Rotational Mechanism of Ammonium Ion in Water and Methanol

doi: 10.1063/1674-0068/31/cjcp1806144
  • Received Date: 2018-06-18
  • Dynamics of ammonium and ammonia in solutions is closely related to the metabolism of ammoniac compounds, therefore plays an important role in various biological processes. NMR measurements indicated that the reorientation dynamics of NH4+ is faster in its aqueous solution than in methanol, which deviates from the Stokes-Einstein-Debye rule since water has higher viscosity than methanol.
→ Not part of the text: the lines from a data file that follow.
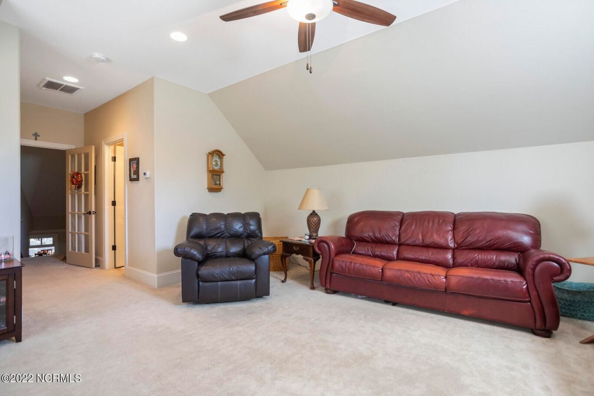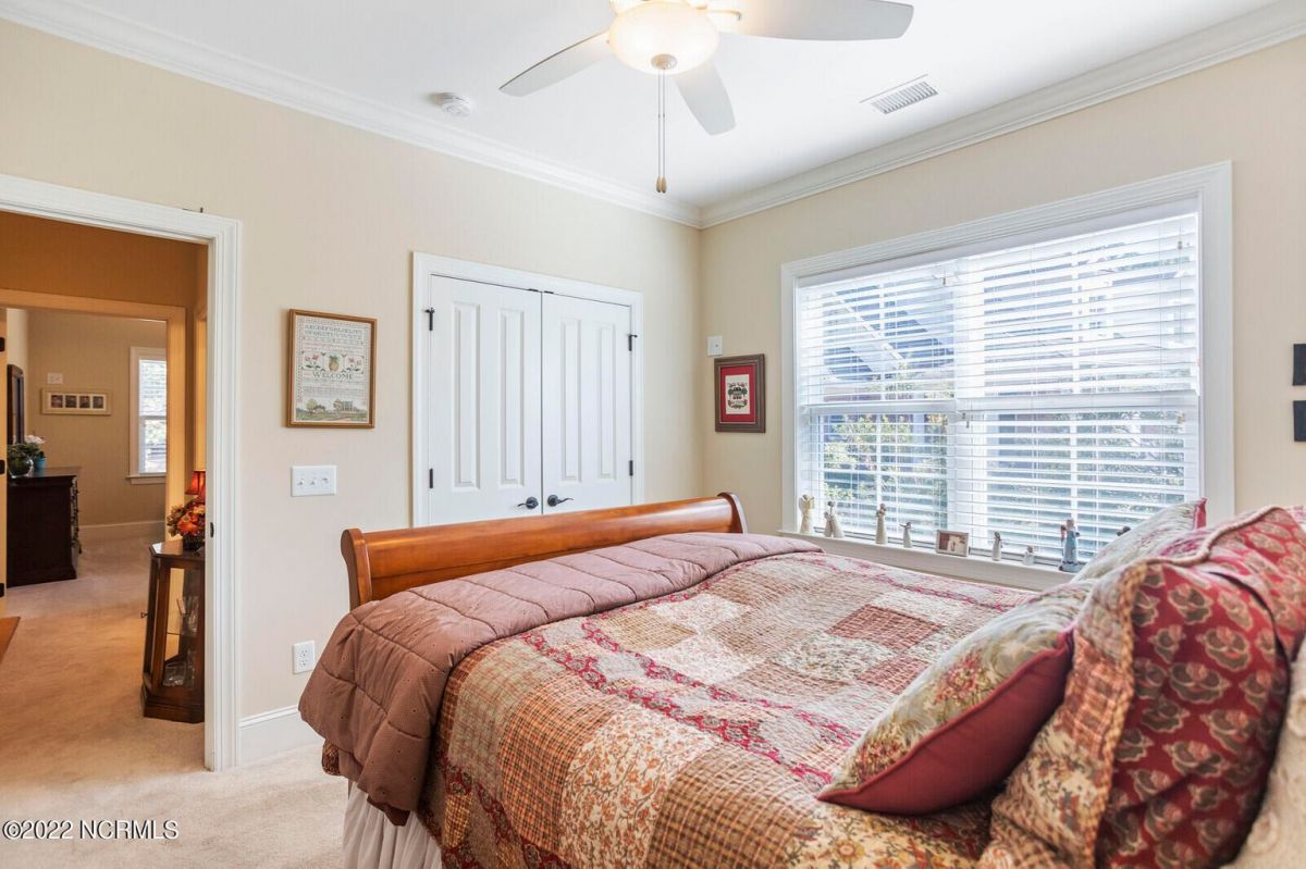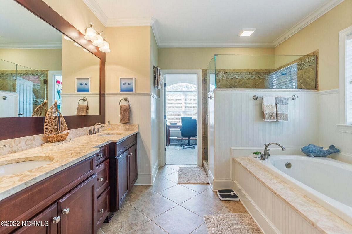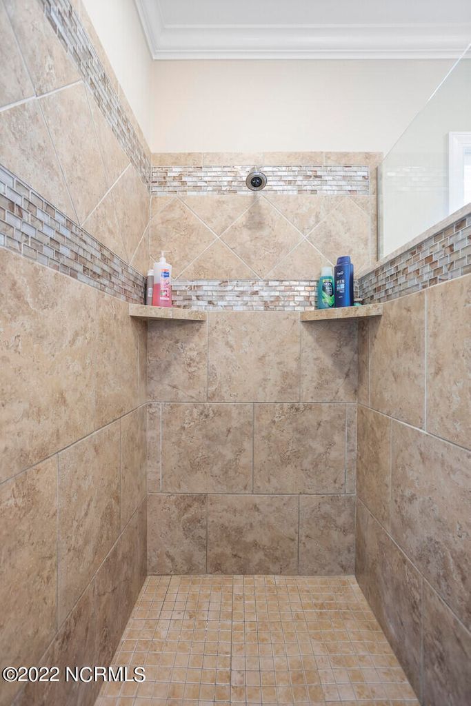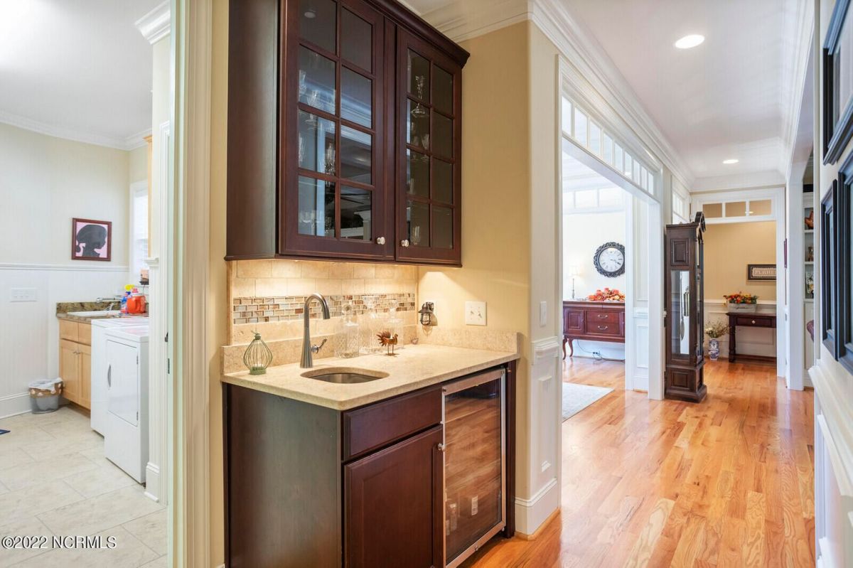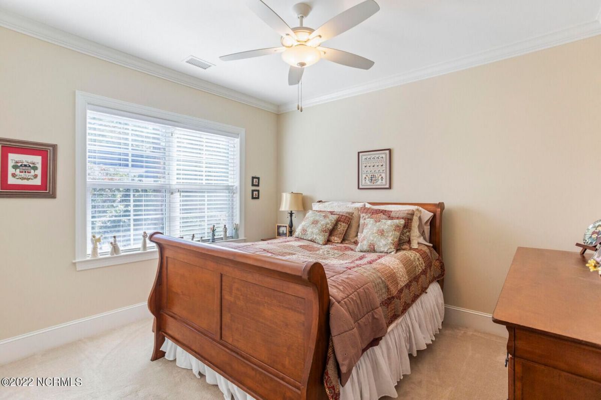 Offering southern living at its finest, this casually elegant residence sits on a tranquil lot nestled by tall shade trees and beautiful landscaping. The home greets you with a delightful overhead pineapple pendant light on the front porch and continues to enchant inside with hardwood flooring, double and triple crown molding, wainscoting and transom windows throughout. The gourmet kitchen showcases white-sand colored cabinets offset by oyster shell granite counters and glass tile backsplash along with a 5-burner gas stove, built-in microwave/convection oven and a huge pantry for easy storage. This kitchen allows plenty of room for everyday dining at the breakfast bar or kitchen table. A formal dining area accommodates large family gatherings. The living room features a coffered ceiling and gas log fireplace surrounded by built-in shelving and cabinets. Some quiet reflection time can be found on the large screened porch or the stamped concrete patio as you observe nature. There are three carpeted bedrooms on the first floor. Two bedrooms share a full bath. The impressive owner's suite sits under a trey ceiling and offers a spa-like experience with a soaking tub, ceramic tiled shower, double vanity and a walk-in closet large enough for an office area. A creative living space on the second floor is equipped with a full bathroom making it the perfect space for a 4th guest suite or family room. This meticulously maintained home offers so many extras including a wet bar with fridge, surround sound, large laundry room, walk-through attic, irrigation system and 2-car side entry garage. Ocean Ridge amenities including indoor & outdoor pools, four championship golf courses, fitness center, walking paths and a private oceanfront beach club at beautiful Sunset Beach. It's all right here – shouldn't you be?
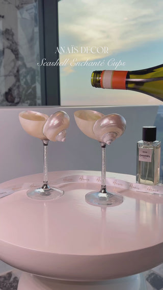 Sip like a siren. Seashell Enchanté Cup™️ Set of 2 in Crystal — a luxurious duo of wine cups crafted from real seashells, delicately perched atop gleaming crystal stems. Each cup is a wonder, echoing the timeless elegance of the ocean.
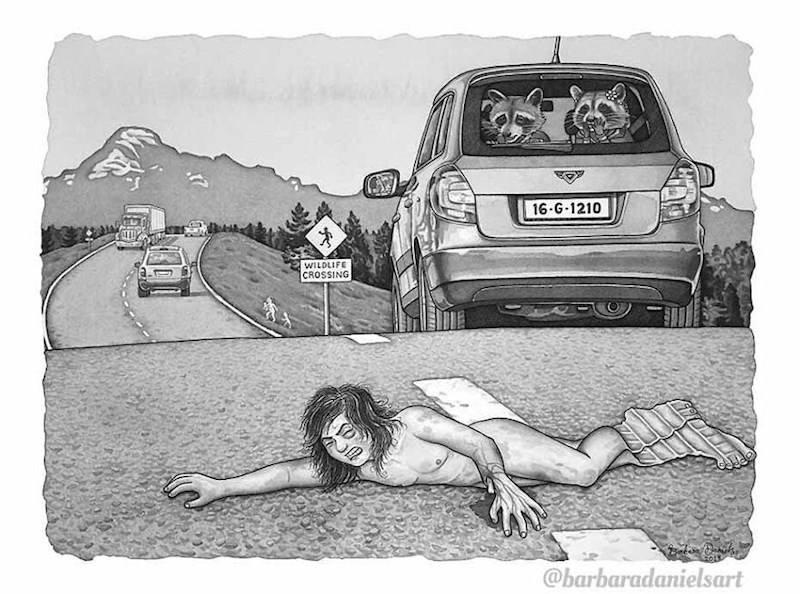 Ljudi svoje navike uzimaju zdravo za gotovo dok im ne promijeniš percepciju. Ova umjetnica svojim je ilustracijama željela otvoriti oči i prodrmati ljude da promisle koliko smo brutalni i neetični u svakodnevnom životu, a da o tome nismo nikad ni promislili. Naša vrsta voli sebi laskati kako smo napredniji od ostalih životinja, a zaboravljamo da smo dobar dio toga postigli nauštrb drugih vrsta. Ova galerija je, u najmanju ruku, uznemirujuća, ali će vas navesti na razmišljanje.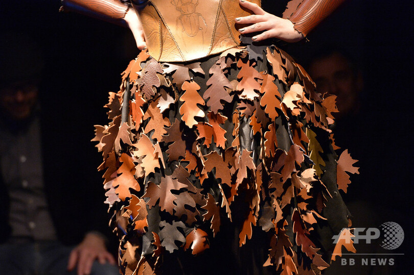 【1月28日 AFP】米マサチューセッツ州リン(Lynn)にあるギャラリー「ギャラリーズ・アット・リン・アート(Galleries at Lynn Arts)」でこのほど、廃棄物を素材として利用したファッションショー「Rubbish to Runway(『ごみからランウェイに』の意)」が開催され、レジ袋や梱包(こんぽう)材、革の切れ端、プラスチックのフォークやスプーン、新聞のマイクロフィルム、瓶のふた、見取り図の紙などを用いたドレスや上着が披露された。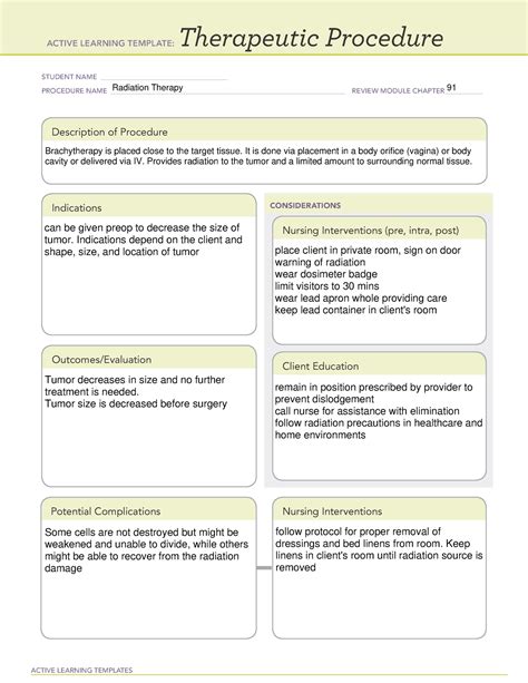 Brachytherapy Ati Template. Web brachytherapy is a type of radiation therapy used to treat cancer. Most brachytherapy is put in place through a catheter, which is a small,.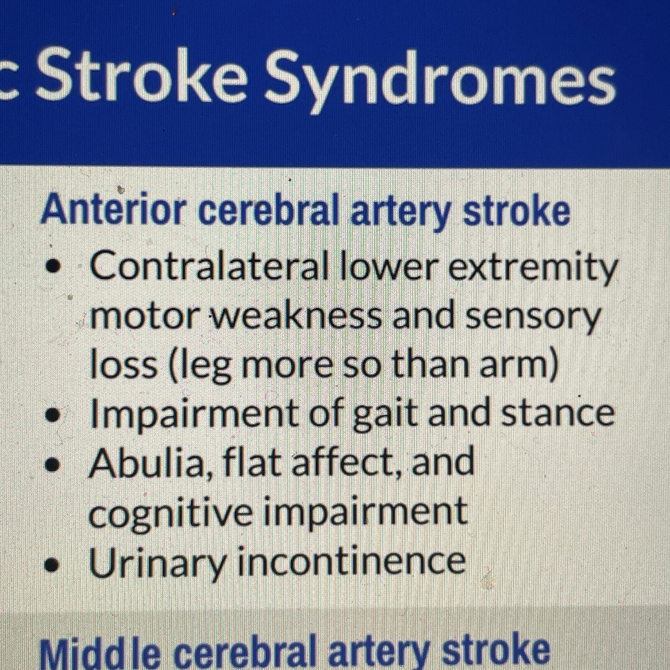 Anterior cerebral artery stroke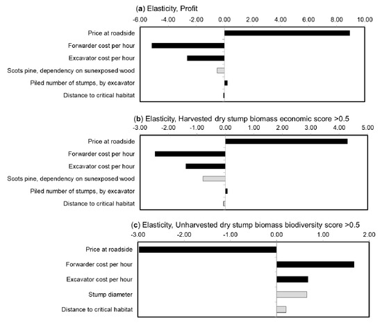 Sensitivity analysis of the DSS. Parameter sensitivity was calculated as the elasticity coefficient (relative change of model with respect to relative change of parameter) on the total economic return (profit; (a)), dry weight of the harvested stump biomass (b), and unharvested stump biomass (c). Parameters in the economy submodel are shown as black bars and parameters in the biodiversity submodel as grey bars.
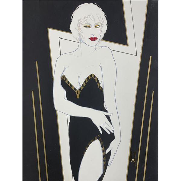 An original acrylic on board, "Pose" by Leal is a striking image of a woman 20x15" on board. Signed by the artist, it has one dog-ear...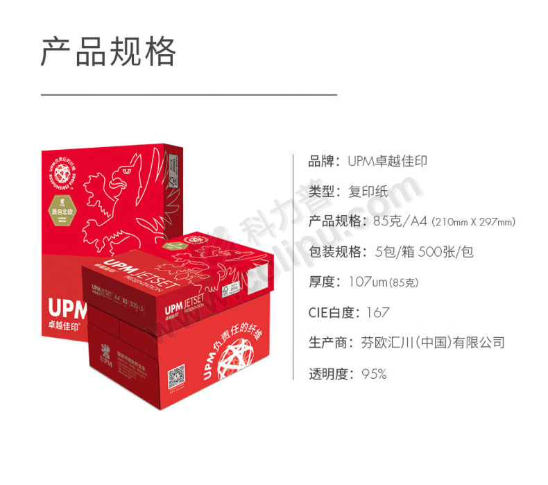 卓越佳印 UPM Jetset Presentation 复印纸 A4 85g 500张/包 5包/箱 整箱订购
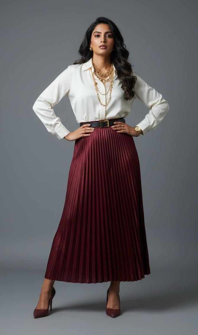 This maroon satin pleated skirt offers a refined elegance with its smooth, lustrous fabric and carefully crafted pleats. Its premium quality ensures a flattering drape and versatile style options, making it suitable for both formal occasions and chic casual looks. The rich maroon hue adds depth and sophistication, allowing effortless pairing with a range of tops and accessories. Ideal for those seeking a timeless yet distinctive addition to their wardrobe.
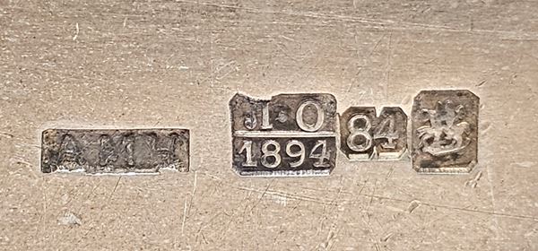 Punzonata con il marchio polifunzionale per l'argento al titolo di 84 zolotniks (875/1000) in uso a Mosca nel 1894, assaggiatore Lev Fridrikhovich, argentiere sconosciuto.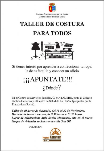 El Ayuntamiento de La Unión en colaboración con la Asociación Proyecto Abraham, va a realizar un Taller de Costura, de carácter gratuito, dirigido a todas aquellas personas que tengan interés por aprender a confeccionar e incluso conocer un nuevo oficio.
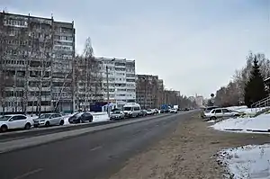 ![]() Улица Сафиуллина: вид в сторону проспекта Победы (декабрь 2018) | |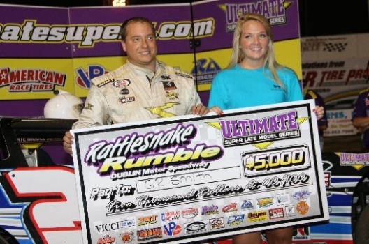 What won the race: G.R. Smith of Huntersville, N.C., took the lead following a lap-47 restart and went on to collect $5,000 for his first career Ultimate Super Late Model Series victory in the Rattlesnake Rumble. Polesitter Dennis Franklin of Gaffney, S.C., led all but the last few laps when his right-rear tire went away.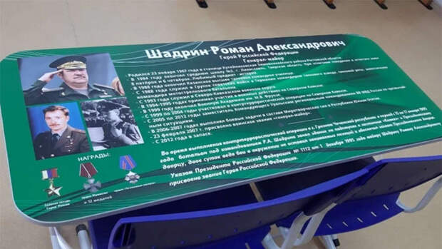 Именно там обучались сыновья Владимира Ильича — Евгений и Сергей, которые пошли по стопам своего отца и оба стали летчиками. "Парта Героя" будет находиться в лучшем по успеваемости классе. В течение года право сидеть за ней будет предоставляться лучшим ученикам", — пояснили в Департаменте физической культуры, спорта и дополнительного образования Тюменской области.Вместе с тем парта с изображением военного уже есть в одной из школ Тобольского района. На парту нанесли фото советского и российского офицера, участника боевых действий в Чеченской республике Романа Шадрина.
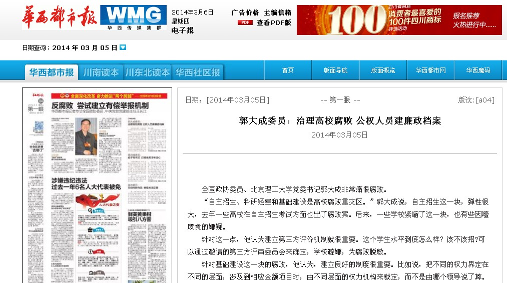 【華西都市報(bào)】北理工黨委書(shū)記郭大成:治理高校腐敗 公權(quán)人員建廉政檔案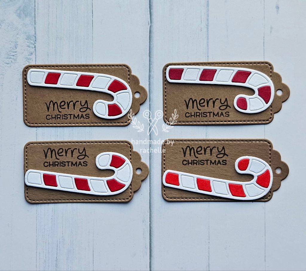 I made a mistake when making these tags. The candy canes on the top two tags should have been angled in the opposite direction. I just lost track when making them. I also tried several different shades of red and I’m not sure which one I like most. I wanted to add the sprig of holly to them but decided to just leave it as is. I’ll have to add it the next time I make these.

To address this intriguing issue, we herein study the reorientation dynamics of ammonium ion in both solutions using numerical simulation and an extended cyclic Markov chain model. An evident decoupling between translation and rotation of methanol is observed in simulation, which results in the deviation of reorientation from the Stokes-Einstein-Debye rule. Slower hydrogen bond (HB) switchings of ammonium with methanol comparing to that with water, due to the steric effect of the methyl group, remarkably retards the jump rotation of ammonium. The observations herein provide useful insights into the dynamic behavior of ammonium in the heterogeneous environments including the protein surface or protein channels.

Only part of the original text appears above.